Отдельно была запланирована «старшая школа». Отдельно, так как в нее подразумевалось принимать лишь тех детей, кто хорошо закончил школу среднюю и (пока это оставалось лишь в качестве благих пожеланий, но Ярославна изо всех сил старалась подготовить нужные методички отбора) тех, кто способен и сам хочет в дальнейшем получить образование высшее.
Последним новведением Ярославны стал совершенно новый подход к формированию классов, которые, как и в привычном учительницам мире, разделялись «по буквам». Но если «раньше» буква означала лишь абстрактный признак определенного класса, то теперь ей обозначалось время его формирования. В «А» брали детей, кто на первое сентября достиг пятилетнего возраста (и не был умственно отсталым – хотя это требование и оказалось простой формальностью: такие, если они и были, просто до школьного возраста не доживали). В «Б» – кто достиг этого возраста после первого сентября, но до первого ноября. В «В» – успевших к первому января, а в «Г» – первоапрельских детишек.
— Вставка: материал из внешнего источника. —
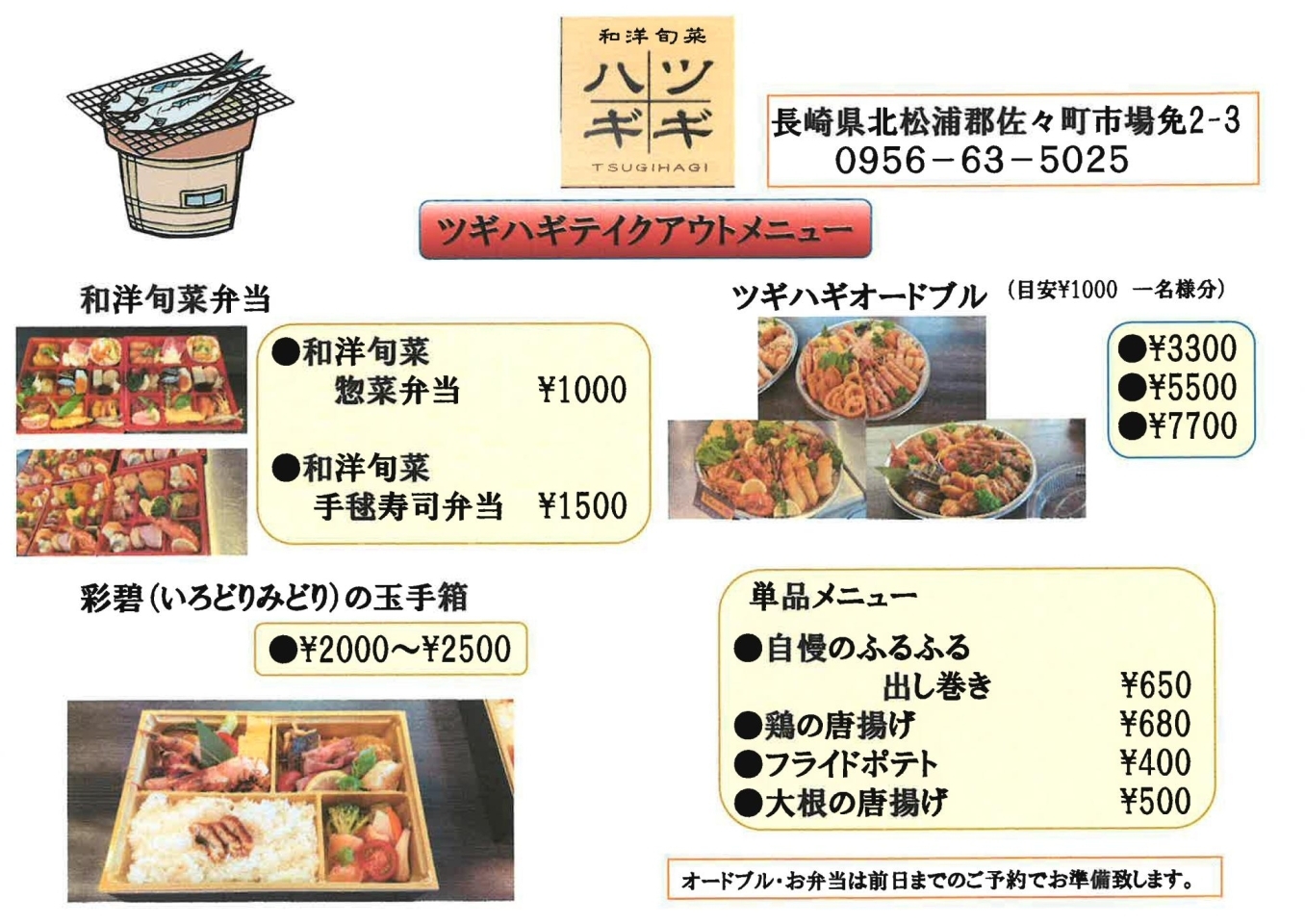 【予算】ご相談に応じてお弁当やオードブルなどもお作りできます。
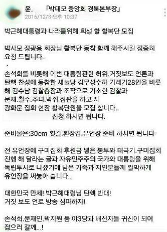 "박근혜 탄핵 광화문서 집단 할복" 박대모 할복단 모집" 기사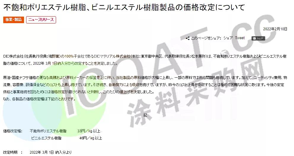 自3月1日起,提高不饱和聚酯聚酯树脂和乙烯基酯树脂等产品的价格,最高上涨40日元/kg,约人民币2192元/吨。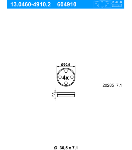 ATE Bremsbelagsatz, Scheibenbremse Durchmesser [mm]:30,5 mm Dicke/Stärke [mm]:7,1 mm Bremssystem:Citroen Verschleißwarnkontakt:exkl. Verschleißwarnkontakt Verschleißwarnkontakt:nicht für Verschleißwarnanzeiger vorbereitet MAPP-Code vorhandenMenge 1 entspricht einem Satz (4 Bremsbeläge für links UND rechts) , u.a. für Citroën 2 Cv, 602 cm³, 24 PS (18 kW), 9/1975 bis 6/1981, KBA-Nr: 3001370Citroën 2 Cv, 602 cm³, 27 PS (20 kW), 8/1979 bis 7/1990, KBA-Nr: 3001430Citroën 2 Cv, 602 cm³, 29 PS (21 kW), 2/1970 bis 10/1985, KBA-Nr: 3001303 , OE-Nummer:JURID:571891JNK:221912BOSCH:0 986 462 850NECTO:FD123PAGID:T0123TEXTAR:20285 071 0 4ICER:180125TEXTAR:20285 071 0 5REMSA:0070.00FTE:BL1049A1QUINTON HAZELL:BP247TRW:GDB271QUINTON HAZELL:BLF247DELPHI:LP347MGA:38TEXTAR:2028502QUINTON HAZELL:0070.00ROADHOUSE:2070.00VALEO:598362BREMBO:P 61 003MINTEX:MDB1521FERODO:FDB58 ...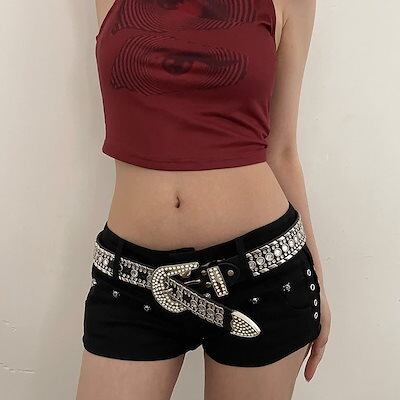 Q10限定 激?れ人気商品 ファッション ベルト 調整可能 y2kアメリカ ウォータドリル ベルト ホワイト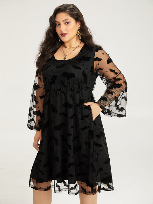 Halloween Crochet Lace Round Neck Bell Sleeve Dress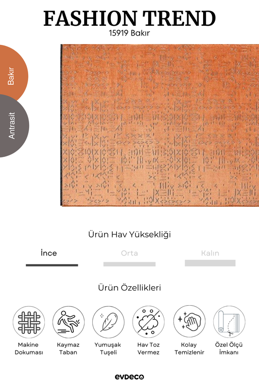 Evdeco Fashion Trend Copper Ethnic Patterned Carpet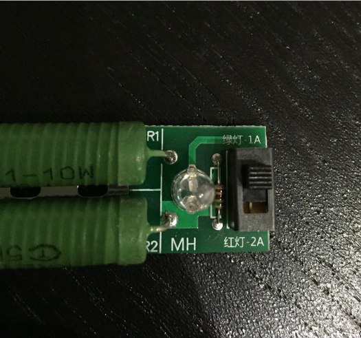 В режиме нагрузки 1А, горит зелёный индикатор. В режиме нагрузки 2А, горит красный индикатор.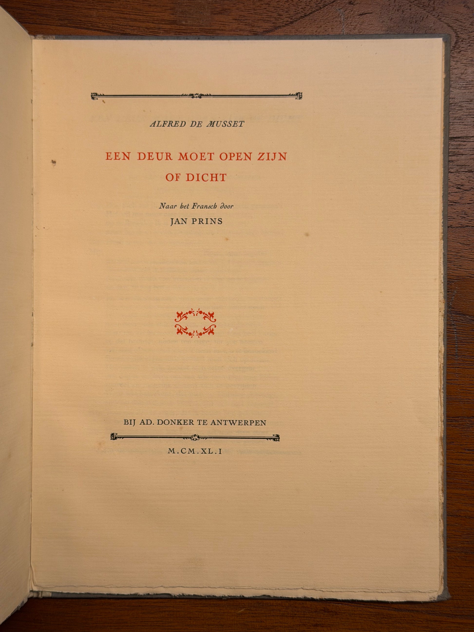 ALFRED DE MUSSET EEN DEUR MOET OPEN ZIJN OF DICHT Naar het Fransch door JAN PRINS. 1941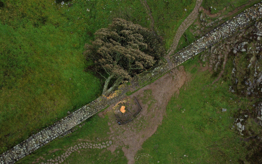 Šalia senovinės Hadriano sienos griuvėsių tarp dviejų kalvų Šiaurės Anglijoje augęs platanalapis klevas buvo populiarus nuotraukų motyvas. Pasaulinę šlovę jam pelnė 1991 m. filmo "Robinas Hudas - vagių karalius" scena. Šioje juostoje vaidmenis kūrė ir kino žvaigždės Kevinas Costneris bei Morganas Freemanas. Nupjautas medis nukrito ant ne mažiau garsios Hadriano sienos, kurią kadais pastatė romėnai, kad apsaugotų Britanijos provinciją nuo įsiveržimų iš šiaurės.
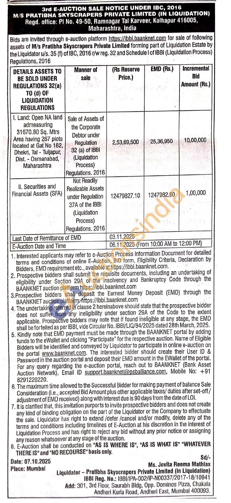 Liquidation E-Auction Others Auction in Tuljapur, Osmanabad

Казалось бы, что в такой системе классы «Б» будут самыми маленькими, а «А» – самыми большими – но при выборе «дат сепарации» Ярославна учла некоторую «сезонность» появления на свет младенцев, так что как раз классы «А» оказались самыми маленькими, а «Б» – наоборот, самыми большими. Впрочем, в детском саду это было совершенно не критично (с точки зрения качества обучения), а уже в среднюю школу детей переводили не только по возрасту, но и по успеванию, так что народу во всех классах оказывалось примерно поровну. Примерно по сорок человек – и пока всех удавалось обучать в одну смену. Но что будет потом – об этом не то, чтобы старались не думать, просто все были твердо уверены, что Лиза придумает. Ну, она и думала…
Глава 5
Патек остановил коня и вгляделся в расстилающуюся перед ним степь. Да, глаза его не подвели: на горизонте уже отчетливо можно было разглядеть вершину башни.
– Мы почти пришли, – сказал он, особо ни к кому не обращаясь.
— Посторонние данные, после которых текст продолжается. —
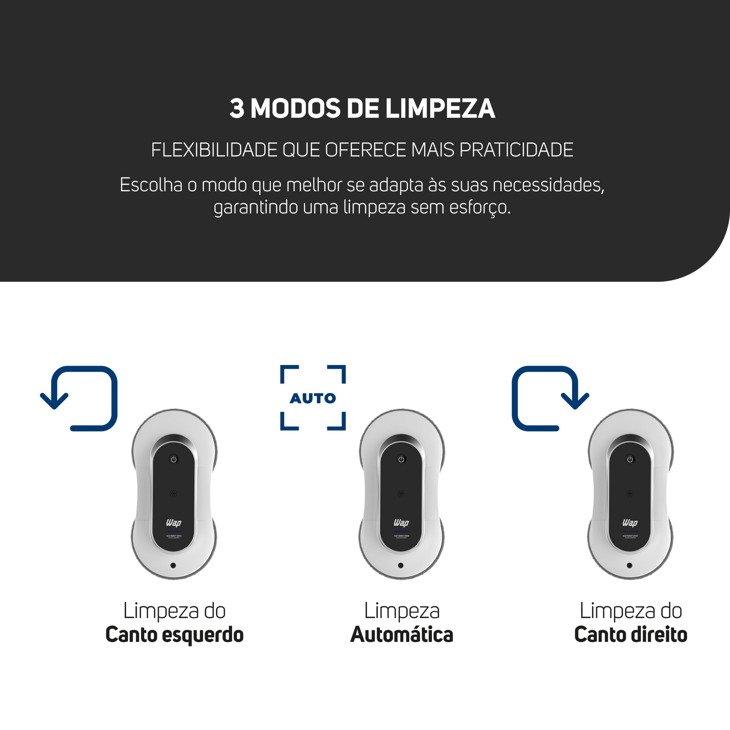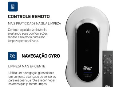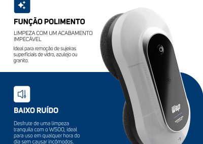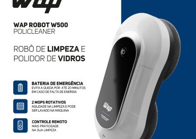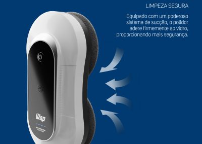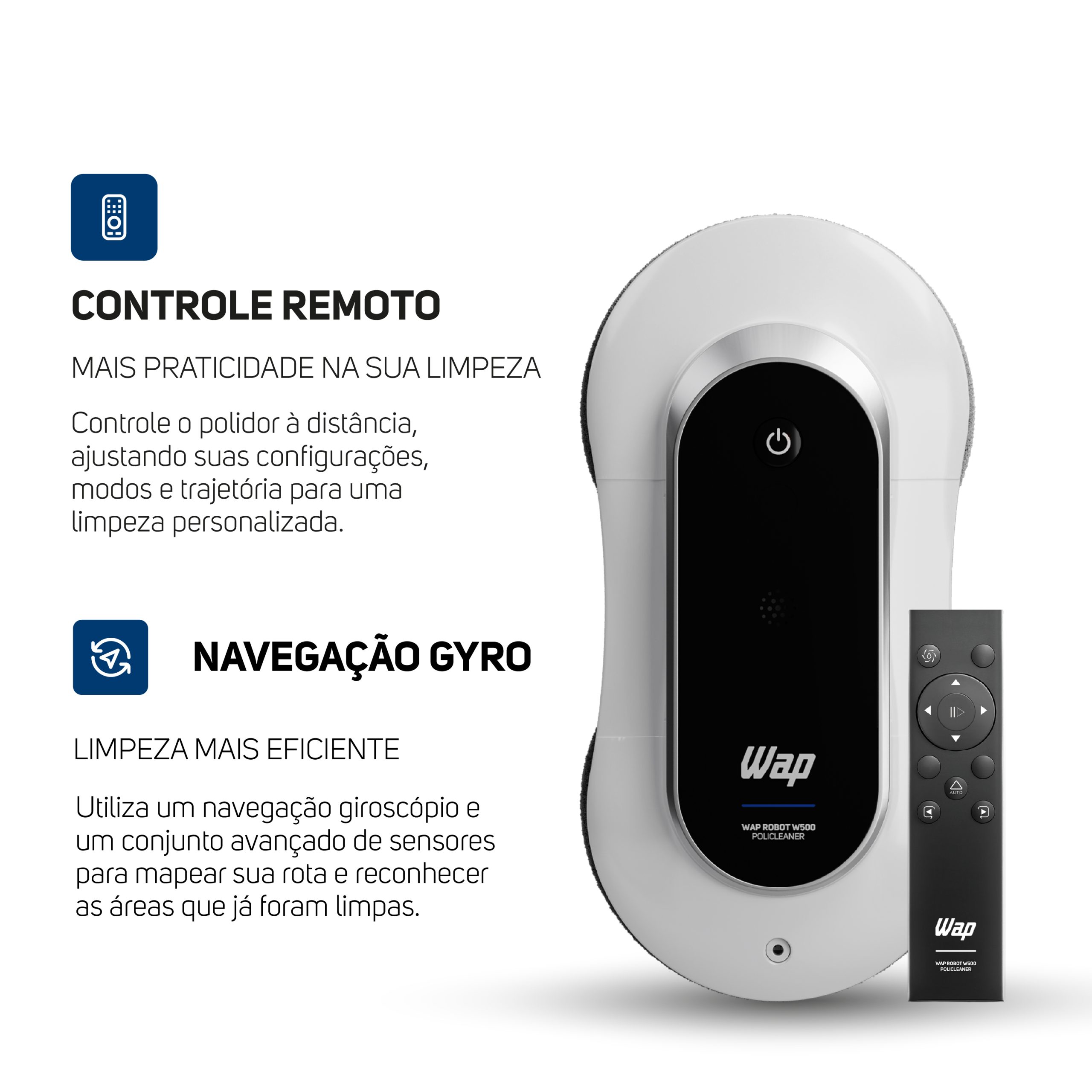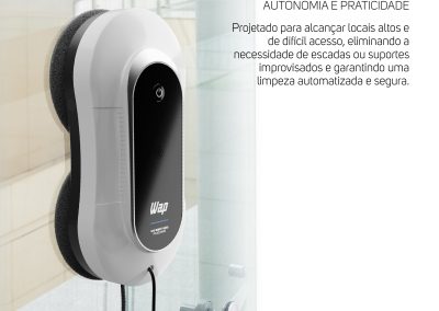 Aposte em inovação e praticidade para limpar vidros e janelas! O Robô de Limpeza WAP ROBOT W500 POLICLEANER oferece autonomia total e segurança, alcançando os lugares mais altos e difíceis, transformando sua rotina com mais liberdade.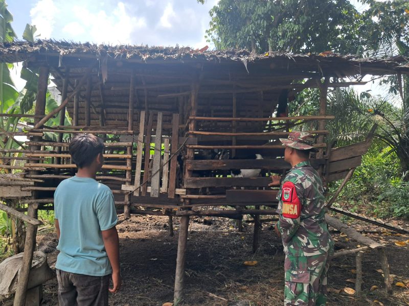 BENGKALIS — Dalam rangka mencegah penyebaran Penyakit Mulut dan Kuku (PMK) pada hewan ternak, Sertu Jainuri bersama Bapak Ridwan selaku pemilik ternak, melaksanakan kegiatan pemantauan kondisi kesehatan hewan di Desa Hutan Panjang, Kecamatan Rupat, Kabupaten Bengkalis.

– Да, но нужно ли нам идти дальше? – с сильным сомнением в голосе спросил Асар.
– Мы можем и повернуть. Только кто нас похоронит так, чтобы в будущей жизни у нас было все нужное? А там мы, по крайней мере, будем уверены, что в следующую жизнь мы придем не голые и безоружные.
– Не знаю… я вообще не понимаю, зачем им так делать? Им же не нужны воины…
– У них много лошадей. Ты видел их лошадей?
– Видел…
– Их очень непросто прокормить. И вырастить – для этого нужны сильные и храбрые мужи. Я разговаривал с ними… очень давно: они ценят тех, кто умеет хорошо ухаживать за лошадьми, и если мы будем этим заниматься, они и прокормят нас, и защитят. Главное – защитят, потому что мы уже себя не защитим. Ты слышал, что рассказывал Ханак? Из его рода осталось всего пятеро, даже если считать старую Ору. А ведь его род был самым сильным к западу от Оскола…
– Санон говорил, что они забирают детей…
– Санон – дурак. И он не может простить Аргу, которая ушла к ним чтобы ее сын не умер. Я встречался со Смордом, он не умер и единственное, что с ним они сделали, так это научили читать и писать. На их языке, но это та плата, которую они требуют за защиту: наверное, им нужно чтобы дети могли читать их священные книги.